[Records shown — start]

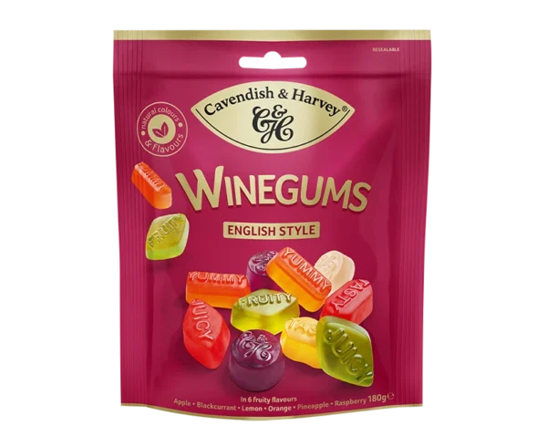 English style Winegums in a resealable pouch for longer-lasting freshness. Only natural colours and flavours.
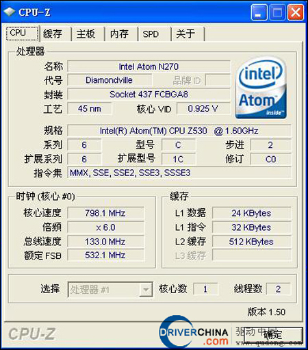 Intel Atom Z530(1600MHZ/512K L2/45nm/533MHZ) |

[Records shown — finish]
[Records shown — start]

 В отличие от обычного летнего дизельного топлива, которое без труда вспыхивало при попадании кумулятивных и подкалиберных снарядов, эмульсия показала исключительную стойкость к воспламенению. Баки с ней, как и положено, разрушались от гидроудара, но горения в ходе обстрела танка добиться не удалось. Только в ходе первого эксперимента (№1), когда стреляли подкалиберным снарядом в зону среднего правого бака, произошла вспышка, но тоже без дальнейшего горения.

[Records shown — finish]

▶ [Aim of the exercise]
Look above for the line with "English style Winegums" and the line with "Intel Atom Z530(1600MHZ/512K", then copy exactly the lines from the first through the second, both kept, with no pictures.

▶ [Expected output]
 English style Winegums in a resealable pouch for longer-lasting freshness. Only natural colours and flavours.
 Intel Atom Z530(1600MHZ/512K L2/45nm/533MHZ) |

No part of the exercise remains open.